Many thanks for the votes, chrispenycate, TJ, Glen, and J D Foster! And thanks also to those who listed or mentioned my story. My entry was a late bloomer this time around (as is usual, I suppose). I really didn't have anything for the longest time, but the image kept reminding me of Mad Max: Fury Road, so I ran with that. I swear it's an homage, not plagiarism.
 
The image reminded me of a primeval landscape still unblemished by land based lifeforms.

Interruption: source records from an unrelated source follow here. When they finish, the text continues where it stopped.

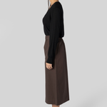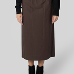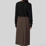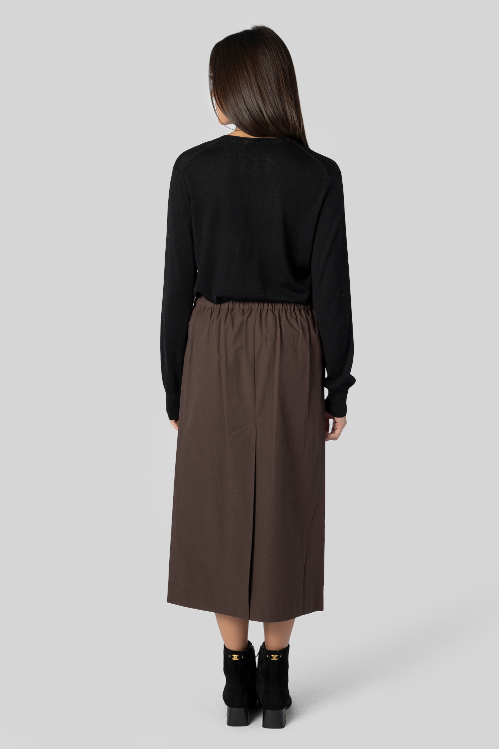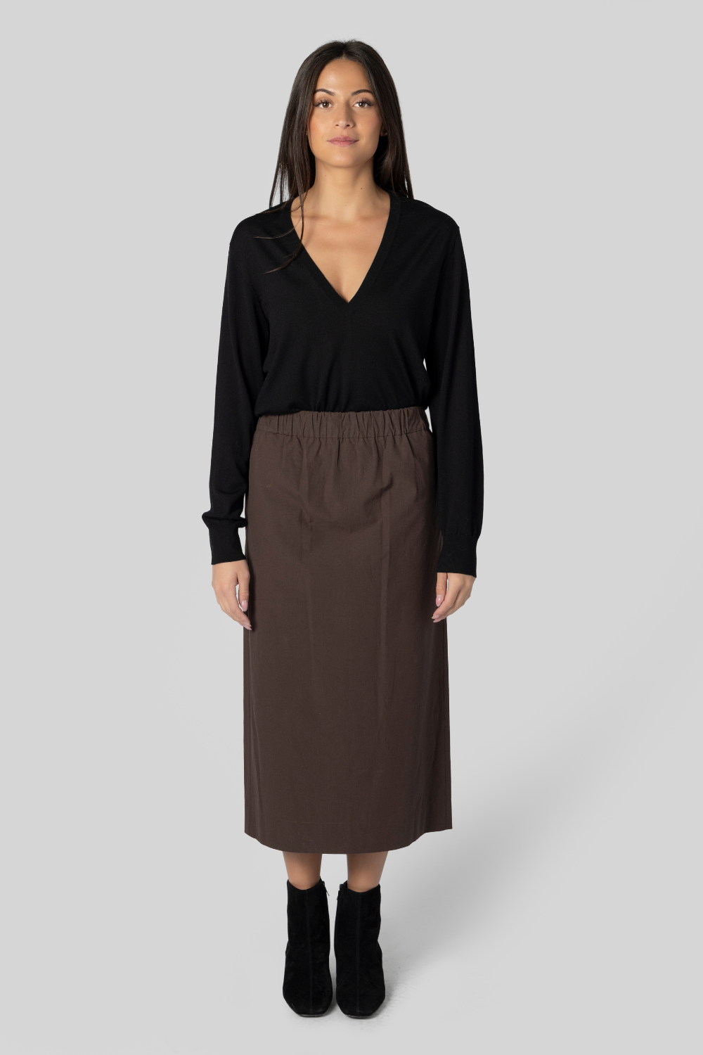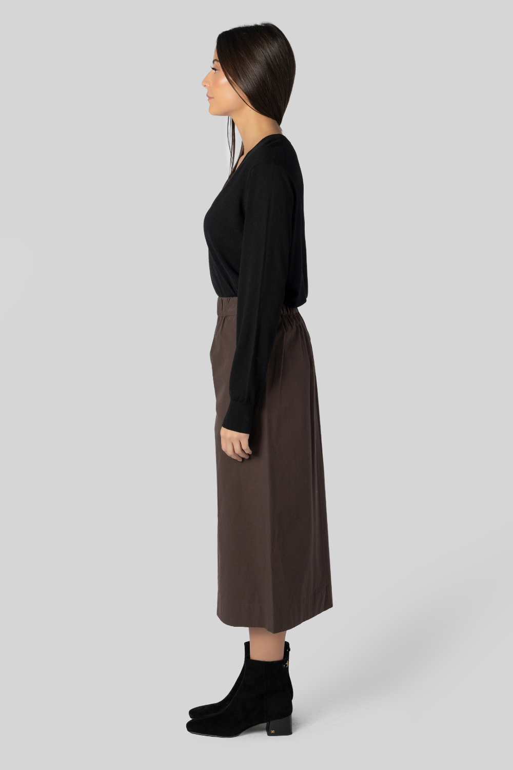 This Gauchere calf-length skirt in cotton with A-line silhouette and elasticated waist is perfect for any occasion. With side slip pockets and a back slit, this skirt offers comfort and sophistication.
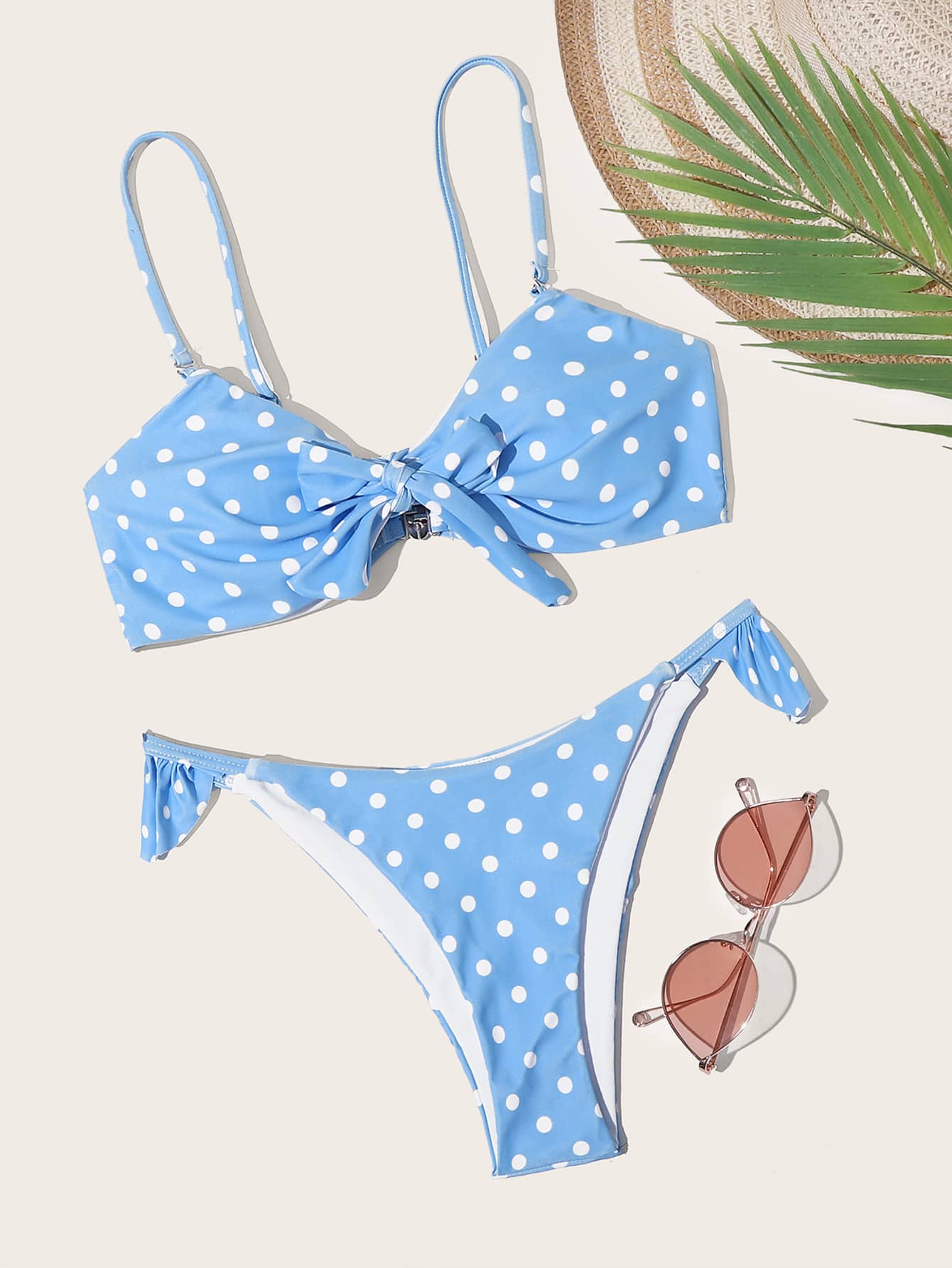 Polka Dot Ruffle Tanga Bikini Set Summer Beach
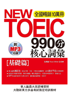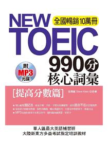 「NEW TOEIC990分 核心詞彙---基礎篇」是為了有效率地提升NEW TOEIC應試者的英語單字理解力、運用力以及英語的綜合能力編輯而成。全部的字彙都附有例句一起學習,有很高的加分效果。至於例句的選擇方向是根據NEW TOEIC的宗旨和個人程度及狀況的不同來分類,都是具有實用性及機能性的句子。
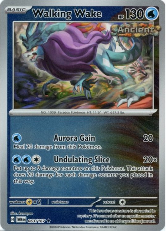 Walking Wake er et Rare Holo Holo pokemon kort fra SV06 Twilight Masquerade serien og har nummer 63/167.
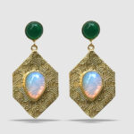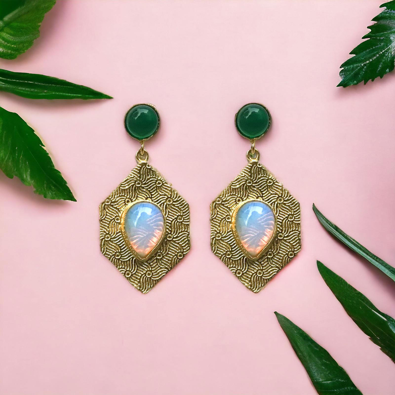 Boucles d’oreilles en laiton plaqué or avec pierre semi précieuse onyx.
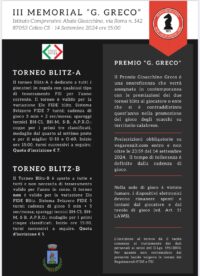 Ma, la novità in assoluto è aver voluto l’istituzione del Premio Greco. Un’onorificenza che verrà assegnata ad uno scacchista o ente che si è contraddistinto nell’anno alla promozione del gioco degli scacchi nel territorio calabrese, attraverso risultati agonistici o promozioni di eventi.
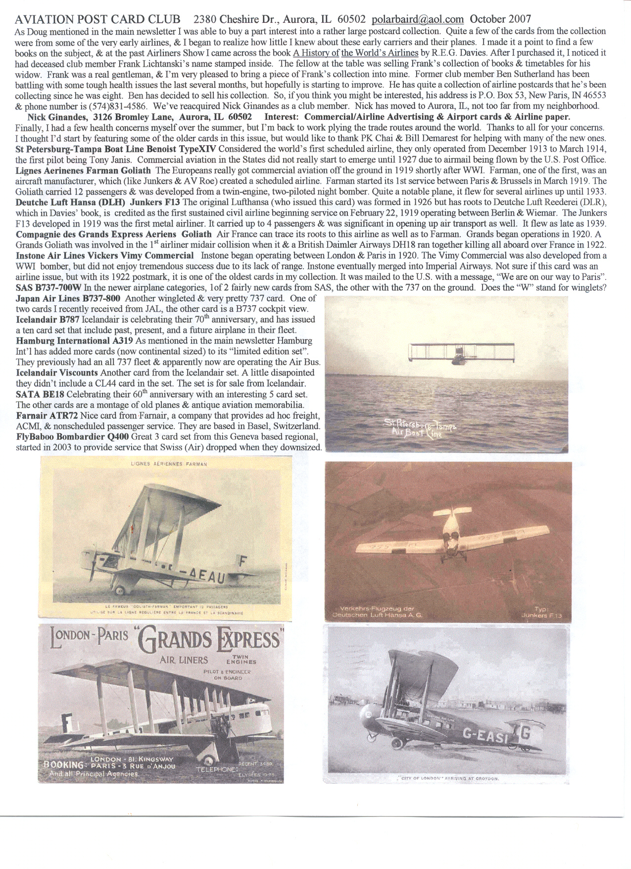 By Leonardo Pinzauti Undoubtedly aviation postcards are part of the advertising/promotion instruments airlines, airports, airframe manufacturers etc. have used since the very beginning of human flight. On the other side such post-cards have been widely used as an information vehicle, sometimes related to political and social issues. Combining these two elements is relatively easy because in recent times, postcards have been used to support protests, to solicit national and local administrations, to inform passengers etc. We have selected three issues which may be good examples of what an aviation-related postcard has to tell to a specific target.
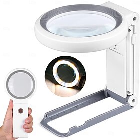 | 30x 10x förstoringsglas med ljus och stativ vikbart handhållet förstoringsglas 18 led upplyst upplyst förstoringsglas för makuladegeneration seniorer som läser nära arbete | ||
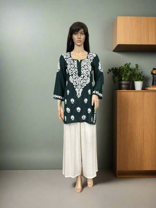 Lucknowi Chikankari Green Modal Short Kurti-T000045
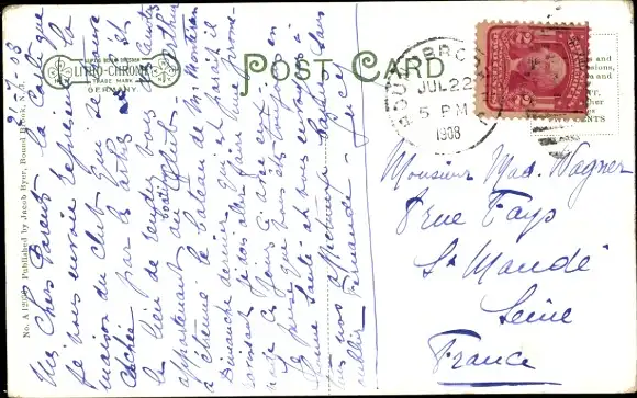 Zustand, siehe Scan, gelaufen, 1908 - ca 14 cm X 9 cm
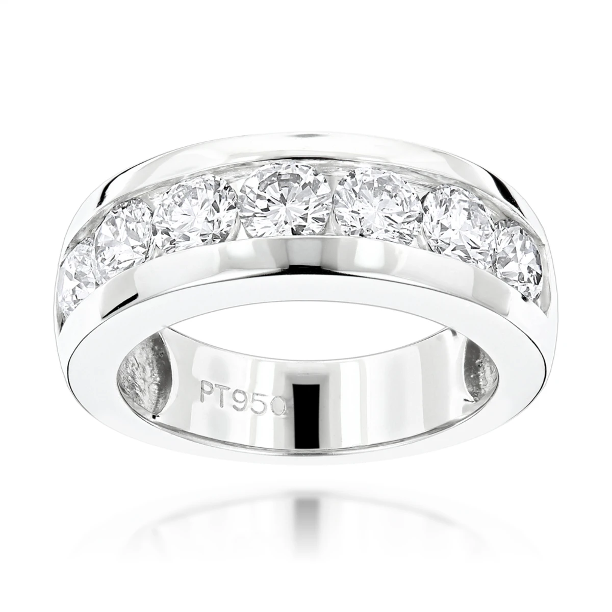 7 Stone Round Diamond Bands: Platinum Diamond Wedding Ring For Men 1.5ct
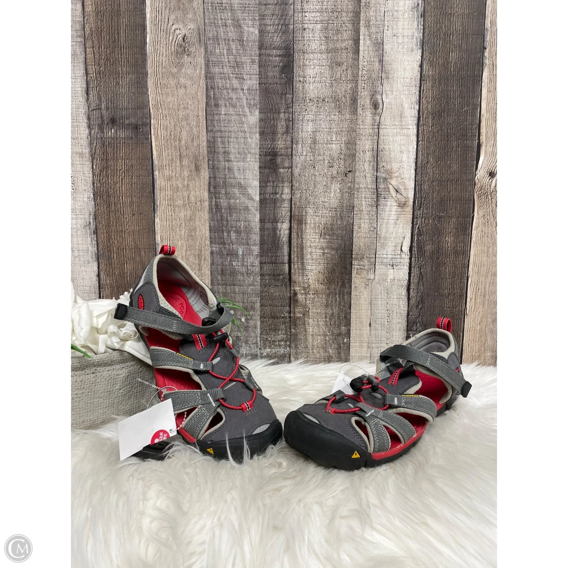 Shoes Hiking By Keen In Grey & Red, Size: 6
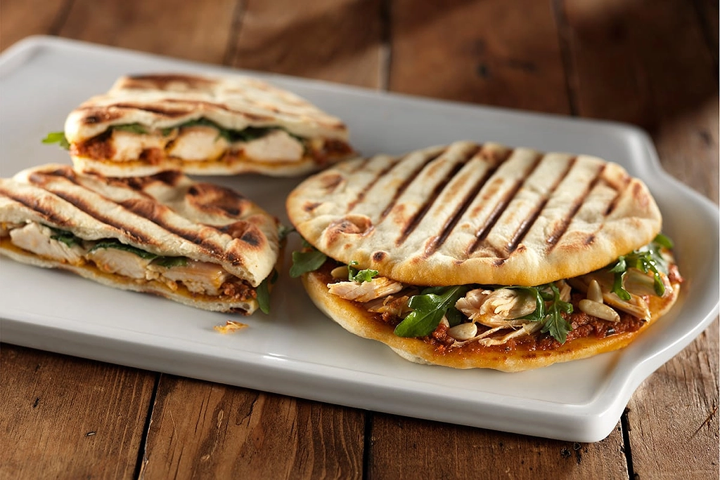 Stonefire Mini Naan® is pressed into service in this Roasted Chicken and Arugula Panini. Naan’s natural char complement the grill marks for a sandwich that looks as delicious as it tastes.
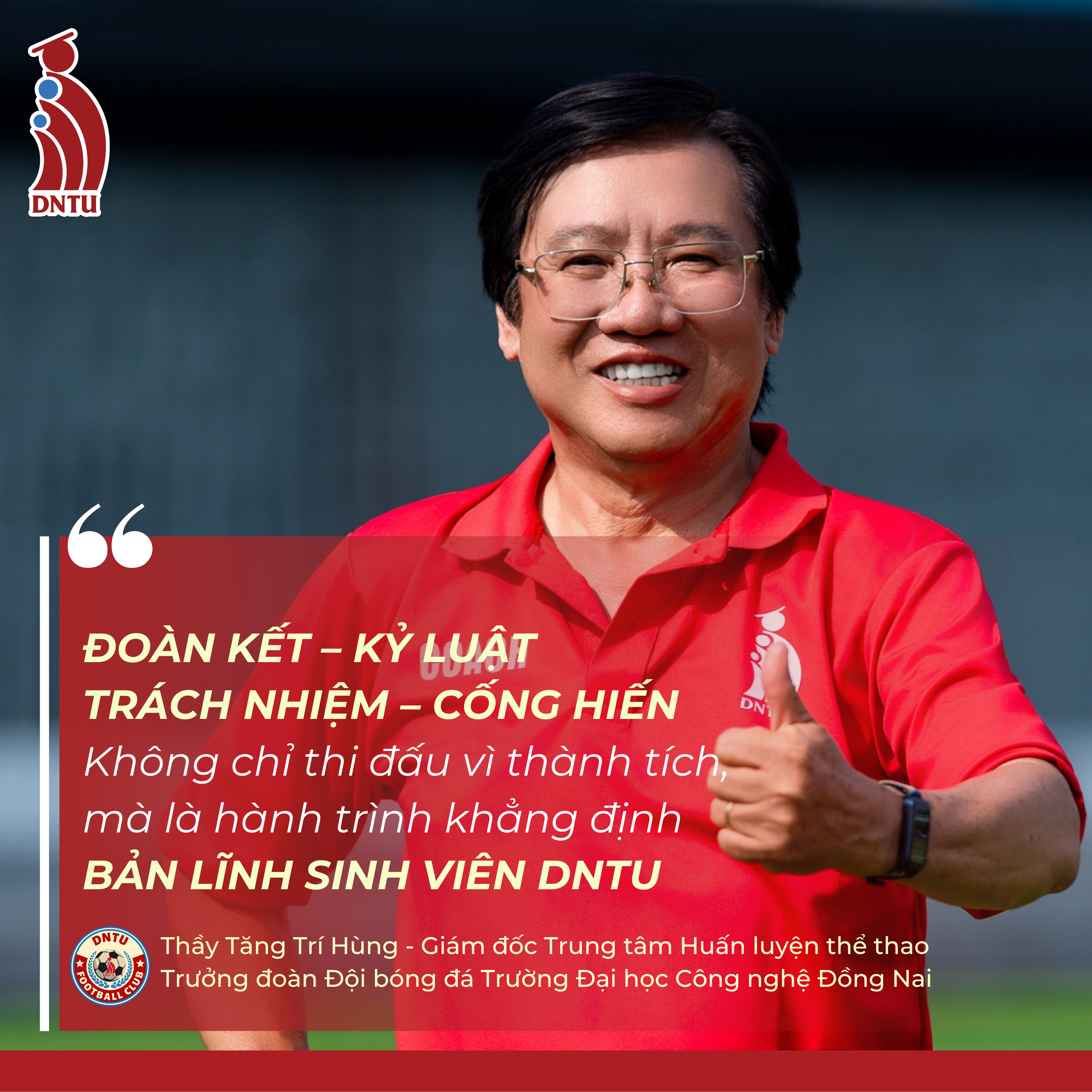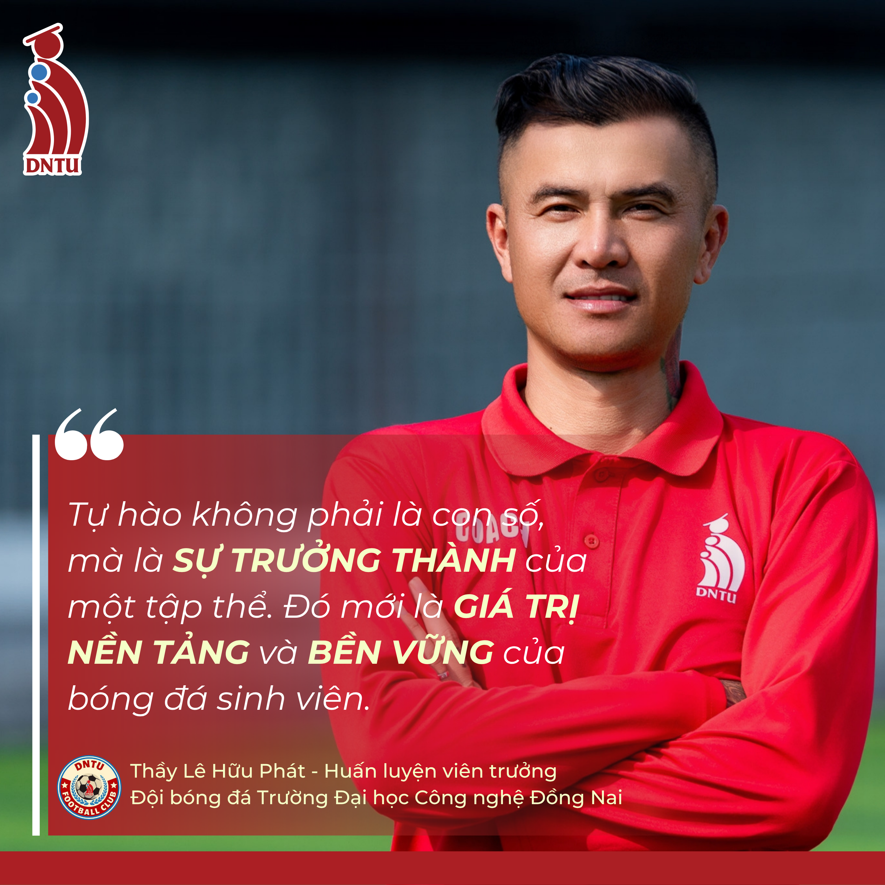 Từ những buổi tập âm thầm đến những trận đấu trên sân chơi toàn quốc, ban huấn luyện vẫn luôn đứng phía sau, lặng lẽ dõi theo từng bước chạy của các học trò. Và chính sự tận tâm ấy đã góp phần tạo nên một DNTU FC giàu nhiệt huyết – nơi bóng đá không chỉ là môn thể thao, mà còn là hành trình của đam mê, tình thầy trò và tinh thần sinh viên của Trường Đại học Công nghệ Đồng Nai.

That led to the idea of some creature practicing to evolve, taking their first steps and instantly regretting it.
 
Ursa, that's a sterling amount of effort and undertaking.
To be honest, the only vaguely onerous bit was typing into Wiktionary. The whole process took very little time**.


** - Unless you count the four weeks or so during which only my subconscious mind was mulling over how to respond to that picture.
 
congratulations mosaix. a great story.

my story stemmed from an idea i have had floating around for a while and the picture matched the confused colonist wandering around the ruins of his colony. there was a twist that i think got lost as i chopped the story down to 300 words, but i'll pop over tot he improving thread to discuss that.
 
Well done Mosaix! Thank you Venusian Broon for the vote, and for everyone who mentioned me, I will try and post a shortlist of my own as soon as work calms down and I get some time to thibnk - I've used my allocated 10 minutes me time this week to rush out a 75 worder for November!
 
I have that on my kindle and hope to get around to it. Hope its a good one Mosaic!